ATCA lightcurve of IGR J18245–2452 in the two frequencies (5.5 GHz, panel a), and 9 GHz, panel b)) and the calculated spectral index α, panel c). We also reported in the upper panel the 0.5–10 keV lightcurve from the Swift/XRT observation ID. 00032785003 (in blue). These were the only X-ray data collected quasi-simultaneously with the ATCA observation.

The data considered here were collected with the new Compact Array Broadband Backend (CABB, Wilson et al. 2011) in the hybrid array configuration H214 at wavelengths of 6 and 3 cm (ν = 5.5 and 9 GHz). The observation was carried out in dual-frequency mode, with ~3.7 hours of integration time, split into two periods separated by approximately 2.5 h. The primary calibrator was PKS B1934–638, while PKS 1817–254 was used for phase calibration. The data were analysed with the miriad (Sault et al. 1995) and karma (Gooch 1996) software packages distributed by ATNF.

Radio images of the observation were created using the miriad multifrequency synthesis and robust weighting (Sault et al. 1995). They were deconvolved using the mfclean and restor algorithms with primary-beam correction applied using the linmos task. A similar procedure was used for the U and Q Stokes parameter maps.

A single compact source was detected in our images within the M28 globular cluster (the image resolution was 4.8′′× 1.0′′ at PA = 9 deg with an estimated rms noise of 11 μJy/beam at 5.5GHz and 3.0′′× 0.64′′ at PA = 10 deg; with an estimated rms noise of 12 μJy/beam at 9 GHz). Its position coincides well with the X-ray counterpart of PSR J18245-2452 (Paper I). The measured flux density of the source was (0.62 ± 0.03) mJy at 5.5 GHz and (0.75 ± 0.04) mJy at 9 GHz (Pavan et al. 2013).
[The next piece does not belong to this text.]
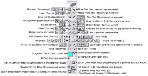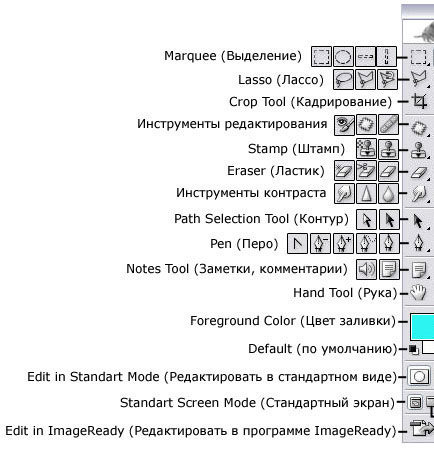 Панель инструментов в Photoshop - это 56 инструментов, палитра цветов и еще 6 вспомогательных кнопок.

The radio emission recorded from IGR J18245–2452 therefore has an intensity similar to that of other AMXPs in outburst (Migliari & Fender 2006; Patruno & Watts 2012).

We extracted radio light curves of the source at the two observing frequencies by using the miriad/uvplt task, and averaging the data at temporal intervals of 2 min. The source showed variations of intensity during the first part of the observation, reaching up to 2 mJy, while during the second part, the mean flux density was not significantly variable (Fig. B.1). To better study the observed radio variability, we estimated the variation of source spectral index α with time. The lightcurves and spectral index are shown in Fig. B.1. The spectral index varies significantly in the range −0.2–0.8 and has a mean value of α ~ + 0.39 ± 0.21 (where α = [log (Fν1/Fν2)] / [log (ν1 /ν2)], ν1 = 9 GHz, and ν2 = 5.5 GHz). Splitting the two observational bands into bins of bandwidth 128 MHz allowed us to obtain a refined mean value of the spectral index α = + 0.39 ± 0.06. This inverted radio spectrum indicates the IGR J18245–2452 has an optically thick synchrotron-emitting region or a mixture of thermal and synchrotron emission, typical of a persistent jet or a less collimated outflow (e.g., Seaquist 1993).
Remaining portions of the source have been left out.